Exercise aim. Would you repeat the whole listing exactly, pictures excluded?

Dataset extract.
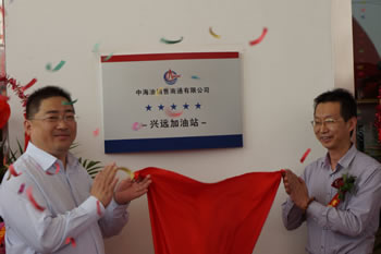 中海油銷售江蘇有限公司副總經(jīng)理陳東昱和南通產(chǎn)業(yè)控股有限公司集團(tuán)副總經(jīng)理沈百安為興遠(yuǎn)加油站揭牌
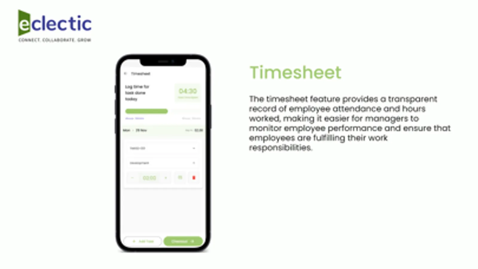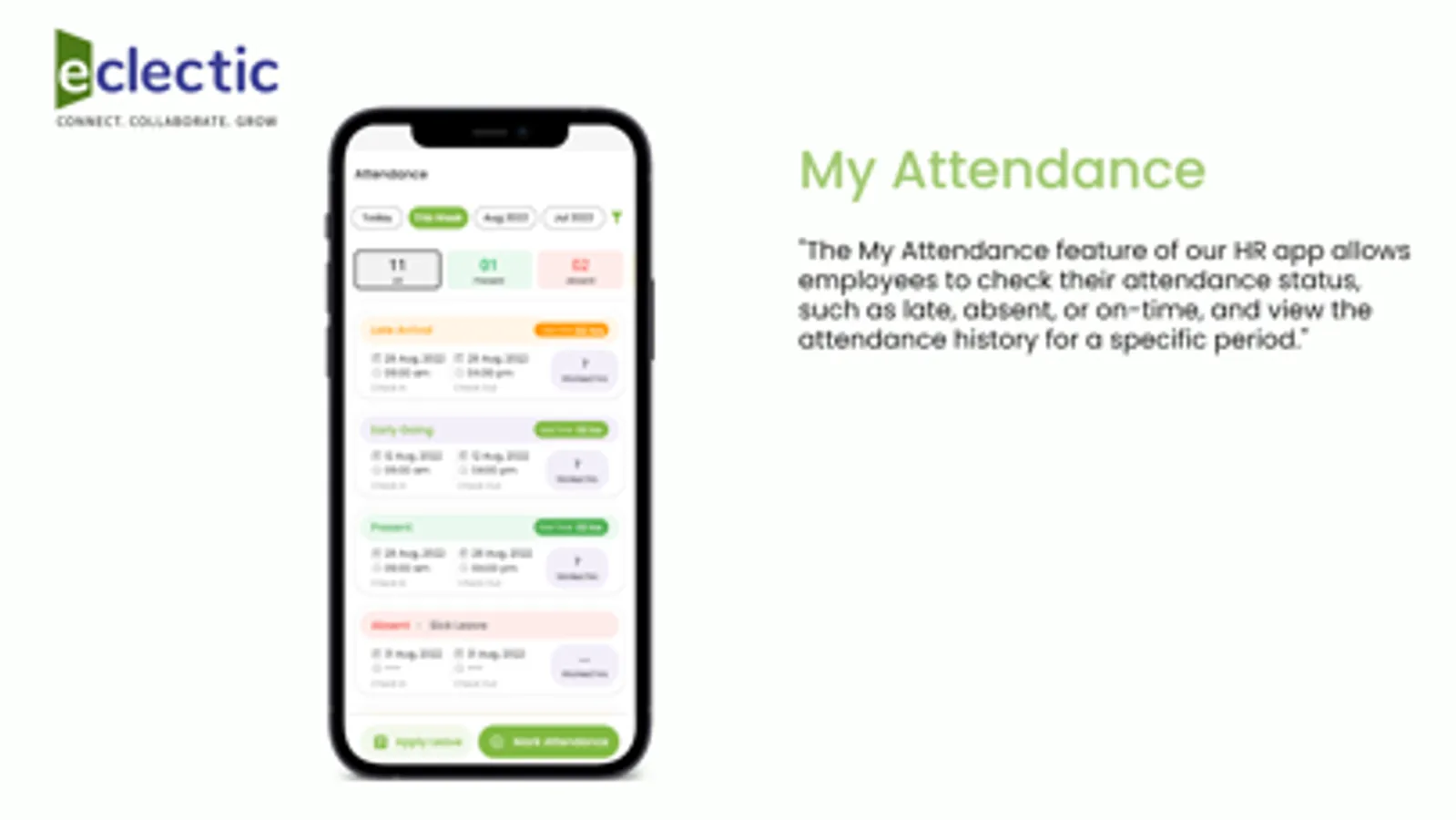 Eclectic is a comprehensive employee management app designed to simplify HR processes. With features such as attendance management, leave management, adjustment management, timesheet logging, and request management, Eclectic makes it easy to keep track of employee activity and ensure smooth HR operations. Real-time notifications keep everyone updated, allowing for more efficient communication and collaboration. With Eclectic, managing employees has never been easier.
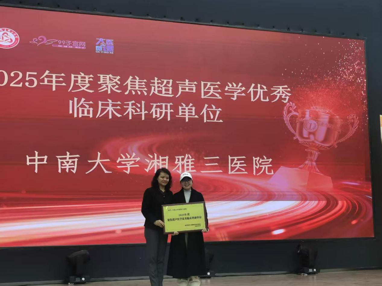 3月7日,由重庆医科大学超声医学工程国家重点实验室主办的“2025年度全国聚焦超声医学临床应用优秀单位及个人表彰大会”在重庆隆重举行。中南大学湘雅三医院凭借在该领域的卓越贡献与突出成就,一举斩获“2025年度聚焦超声医学临床应用优秀单位奖”“2025年度聚焦超声医学临床科研优秀单位奖”两项团队大奖。同时,该院妇科朱小刚主治医生荣获“2025年度聚焦超声领域自媒体科普卓越人物奖”。
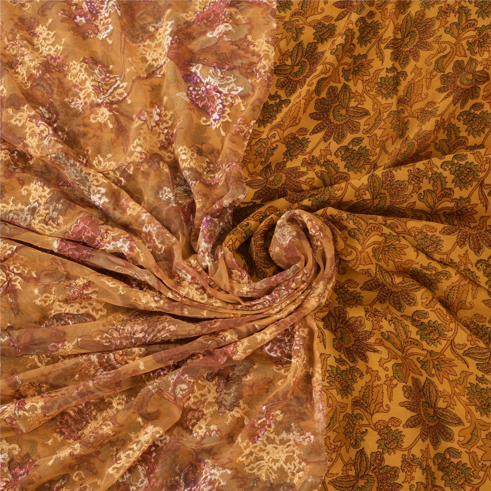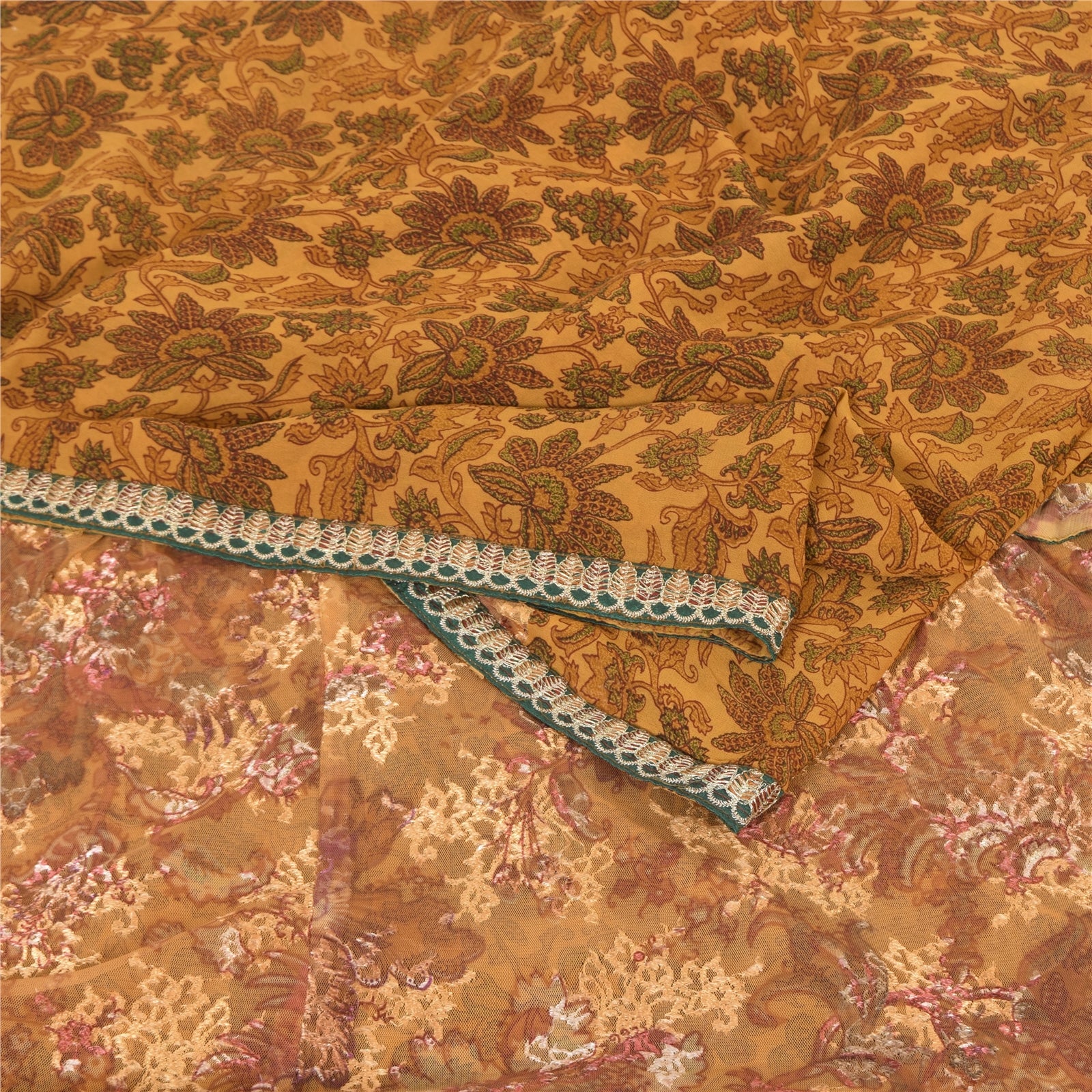Sanskriti Vintage Mustard Sarees Pure Georgette Embroidered Premium Sari Fabric

Solution to this task.
 中海油銷售江蘇有限公司副總經(jīng)理陳東昱和南通產(chǎn)業(yè)控股有限公司集團(tuán)副總經(jīng)理沈百安為興遠(yuǎn)加油站揭牌
 Eclectic is a comprehensive employee management app designed to simplify HR processes. With features such as attendance management, leave management, adjustment management, timesheet logging, and request management, Eclectic makes it easy to keep track of employee activity and ensure smooth HR operations. Real-time notifications keep everyone updated, allowing for more efficient communication and collaboration. With Eclectic, managing employees has never been easier.
 3月7日,由重庆医科大学超声医学工程国家重点实验室主办的“2025年度全国聚焦超声医学临床应用优秀单位及个人表彰大会”在重庆隆重举行。中南大学湘雅三医院凭借在该领域的卓越贡献与突出成就,一举斩获“2025年度聚焦超声医学临床应用优秀单位奖”“2025年度聚焦超声医学临床科研优秀单位奖”两项团队大奖。同时,该院妇科朱小刚主治医生荣获“2025年度聚焦超声领域自媒体科普卓越人物奖”。
Sanskriti Vintage Mustard Sarees Pure Georgette Embroidered Premium Sari Fabric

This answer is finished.